*THE TASK*. Retype every entry below without pictures.

[DATA FOR THIS TASK — start]

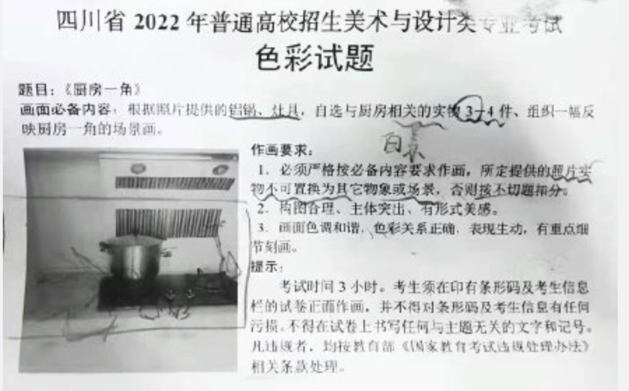色彩考题:《厨房一角》,根据照片提供的铝锅、灶具,自选与厨房相关的实物3-4件,组织一幅反映厨房一角的场景画。
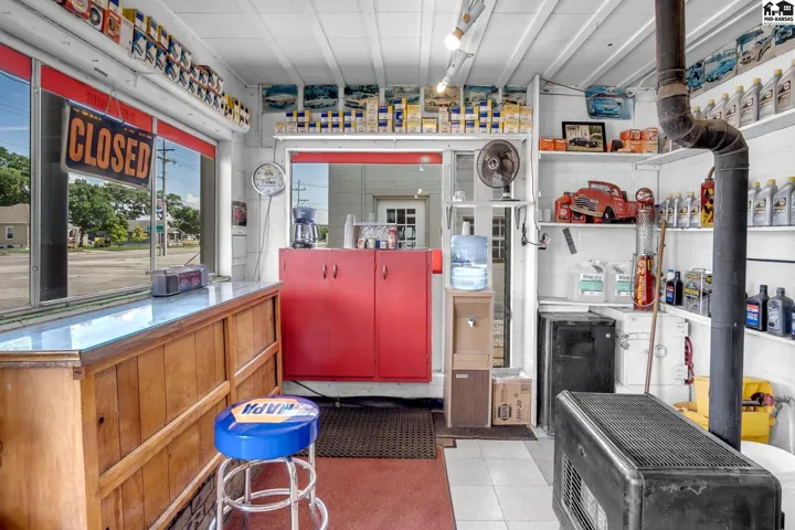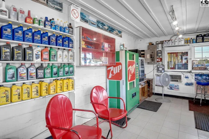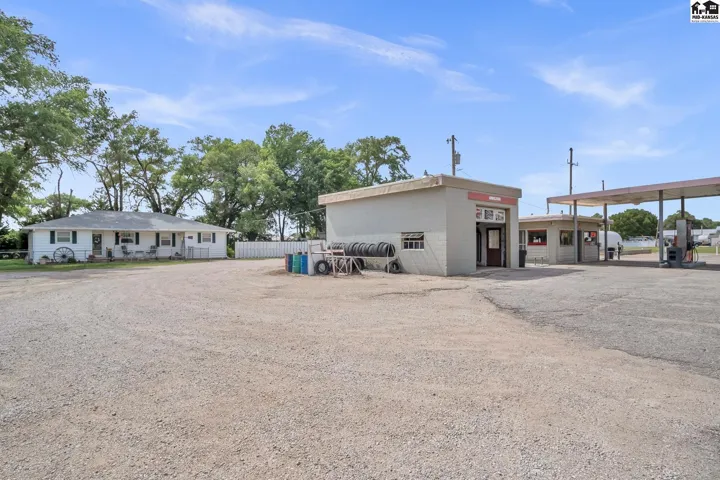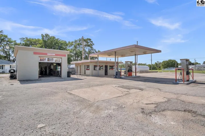 +"PublicRemarks": "This property has many possible uses, last used as a gas station and repair shop. Storage tanks, pumps, lift, air compressor and tire machine remain with property. Also on this property is a 1472 sq ft home with 28 X 36 garage and storage building. The home is listed under residential have it on Zillow and Realtor.com. The roofs are approx 8 yrs old. The property was put in the Kansas trust fund for pollution, KDHE says there is no liability for new owner. Agent has phone numbers to call for verification. Property being sold "as is" subject of inspections. Call for a showing."
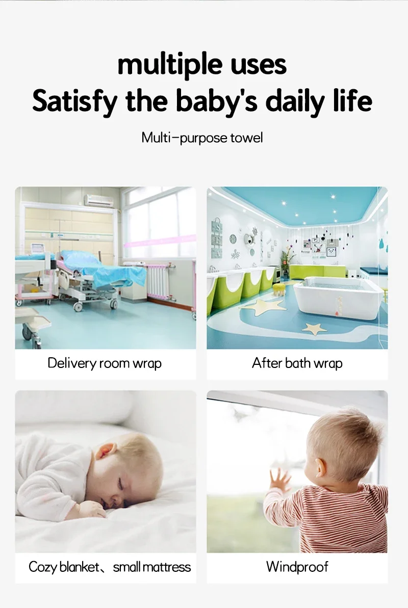 💖5.Usage scenarios: 1. Bath towel wrap 2. Stroller blanket 3. Baby quilt 4. Pad towel 5. Baby swaddle 6. Blanket (can be used in cold weather, keep warm)
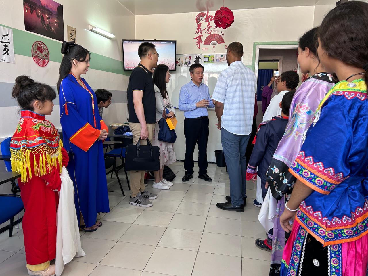 وتعريفا بمجهودات المركز وبرامجه وكفاءاته، استقبلت الإدارة التربوية والإدارية للمركز الصيني إياه، السيد السفير والوفد المرافق ، والذين قاموا بجولة في الفضاء الموثث للمركز ، حيث وقفوا جميعهم على مستوى التنظيم والمرافق المتكونة للمركز، من قاعات خاصة بتدريس اللغة الصينية والقاعات الخاصة باجتياز امتحان الكفاءة الصينية HSK ، ومن بينها قاعة مجهزة بالحواسب الخاصة لاجتياز الامتحان على الحاسوب وأخرى خاصة بالامتحان الكتابي الورقي.
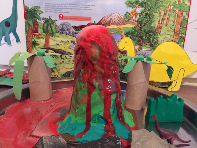 Очень большое впечатление на дочку, да, и честно скажу, на взрослых тоже, произвел самодельный вулкан. У нас в этот день как раз были родители мужа, так они с не меньшим восторгом, чем Настя, следили за "извержением":
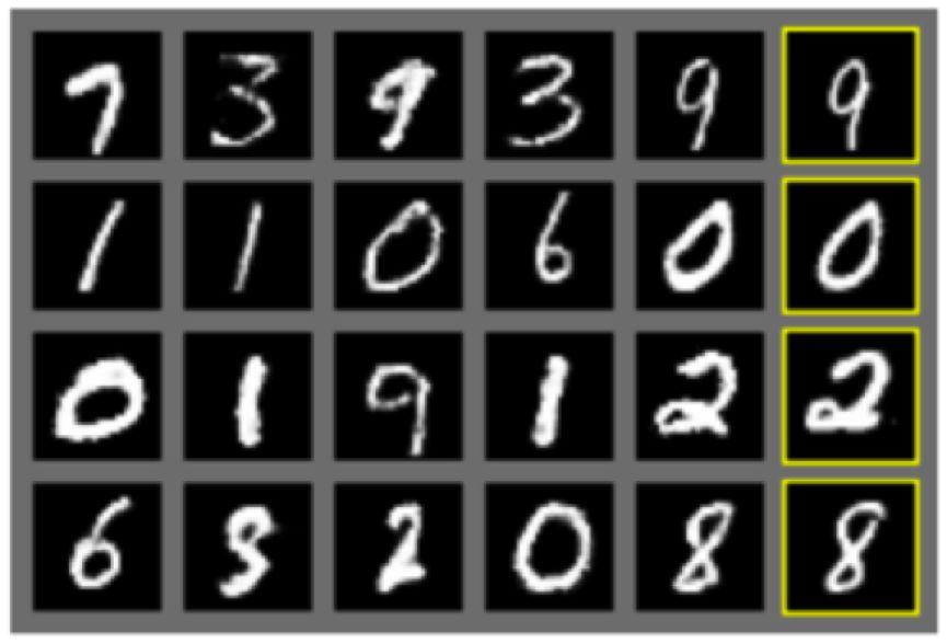图4引自Goodfellow等人,最右列(黄色方框内)是与其左方最接近的真实数据。其他所有图片均是生成的。
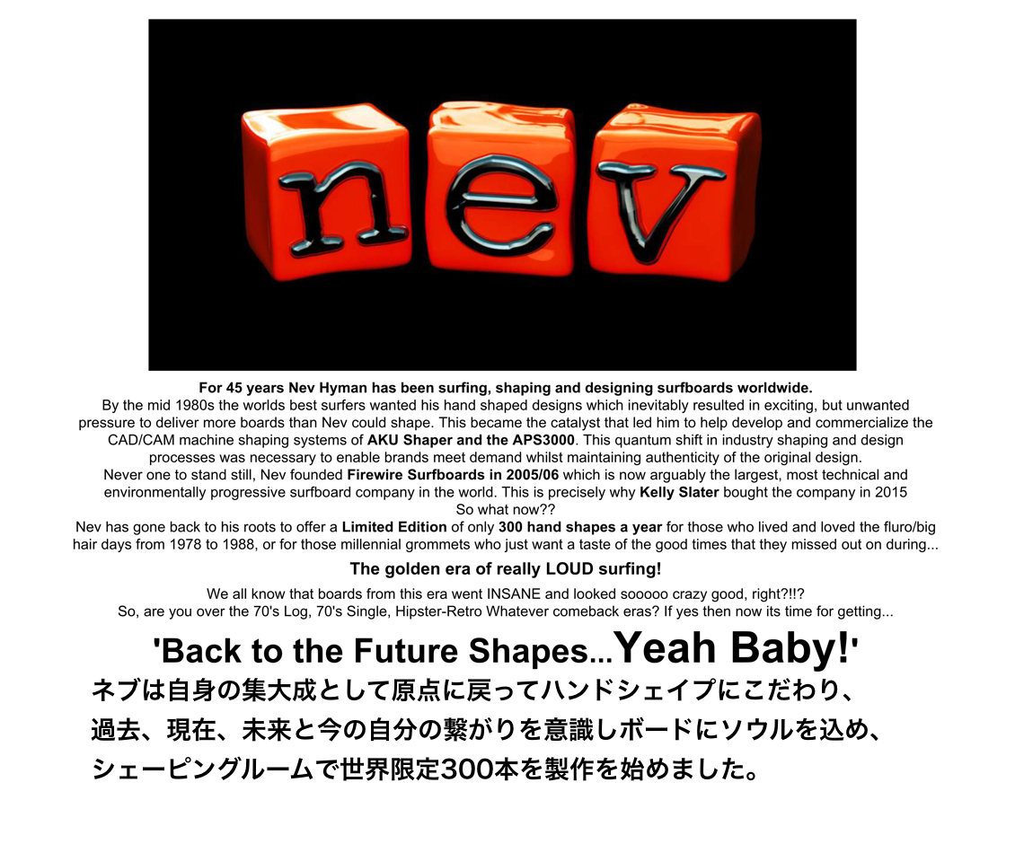 2005/2006年にハイテクノロジー、地球に優しいサーフボード ファイヤーワイヤー社を創設する。2015年にケリースレーターがそのファイヤーワイヤー社を買収した。今現在ネブは、彼自身の集大成として原点に戻っている。ハンドシェイプにこだわり、過去、現在、未来と今の自分の繋がりを意識しながら、1978から1988年のレプリカを全てを、その時代の道具を使い、一本一本のサーフボードにソウルを込め、自宅のシェーピングルームで世界限定300本を製作中。派手な板がトレンドだったサーフィン黄金時代。この時代のサーフボードは見た目がとても派手でクレイジーボード旋風が吹き荒れていた事はみんな記憶に残っているだろう。もし70年代のロングボードやシングルフィンなどの次のトレンドに乗りたいなら、パイオニアであるNevの80’sのサーフボードがお勧めである。

[DATA FOR THIS TASK — finish]

*SOLUTION TO THIS PROBLEM*.
色彩考题:《厨房一角》,根据照片提供的铝锅、灶具,自选与厨房相关的实物3-4件,组织一幅反映厨房一角的场景画。
 +"PublicRemarks": "This property has many possible uses, last used as a gas station and repair shop. Storage tanks, pumps, lift, air compressor and tire machine remain with property. Also on this property is a 1472 sq ft home with 28 X 36 garage and storage building. The home is listed under residential have it on Zillow and Realtor.com. The roofs are approx 8 yrs old. The property was put in the Kansas trust fund for pollution, KDHE says there is no liability for new owner. Agent has phone numbers to call for verification. Property being sold "as is" subject of inspections. Call for a showing."
 💖5.Usage scenarios: 1. Bath towel wrap 2. Stroller blanket 3. Baby quilt 4. Pad towel 5. Baby swaddle 6. Blanket (can be used in cold weather, keep warm)
 وتعريفا بمجهودات المركز وبرامجه وكفاءاته، استقبلت الإدارة التربوية والإدارية للمركز الصيني إياه، السيد السفير والوفد المرافق ، والذين قاموا بجولة في الفضاء الموثث للمركز ، حيث وقفوا جميعهم على مستوى التنظيم والمرافق المتكونة للمركز، من قاعات خاصة بتدريس اللغة الصينية والقاعات الخاصة باجتياز امتحان الكفاءة الصينية HSK ، ومن بينها قاعة مجهزة بالحواسب الخاصة لاجتياز الامتحان على الحاسوب وأخرى خاصة بالامتحان الكتابي الورقي.
 Очень большое впечатление на дочку, да, и честно скажу, на взрослых тоже, произвел самодельный вулкан. У нас в этот день как раз были родители мужа, так они с не меньшим восторгом, чем Настя, следили за "извержением":
图4引自Goodfellow等人,最右列(黄色方框内)是与其左方最接近的真实数据。其他所有图片均是生成的。
 2005/2006年にハイテクノロジー、地球に優しいサーフボード ファイヤーワイヤー社を創設する。2015年にケリースレーターがそのファイヤーワイヤー社を買収した。今現在ネブは、彼自身の集大成として原点に戻っている。ハンドシェイプにこだわり、過去、現在、未来と今の自分の繋がりを意識しながら、1978から1988年のレプリカを全てを、その時代の道具を使い、一本一本のサーフボードにソウルを込め、自宅のシェーピングルームで世界限定300本を製作中。派手な板がトレンドだったサーフィン黄金時代。この時代のサーフボードは見た目がとても派手でクレイジーボード旋風が吹き荒れていた事はみんな記憶に残っているだろう。もし70年代のロングボードやシングルフィンなどの次のトレンドに乗りたいなら、パイオニアであるNevの80’sのサーフボードがお勧めである。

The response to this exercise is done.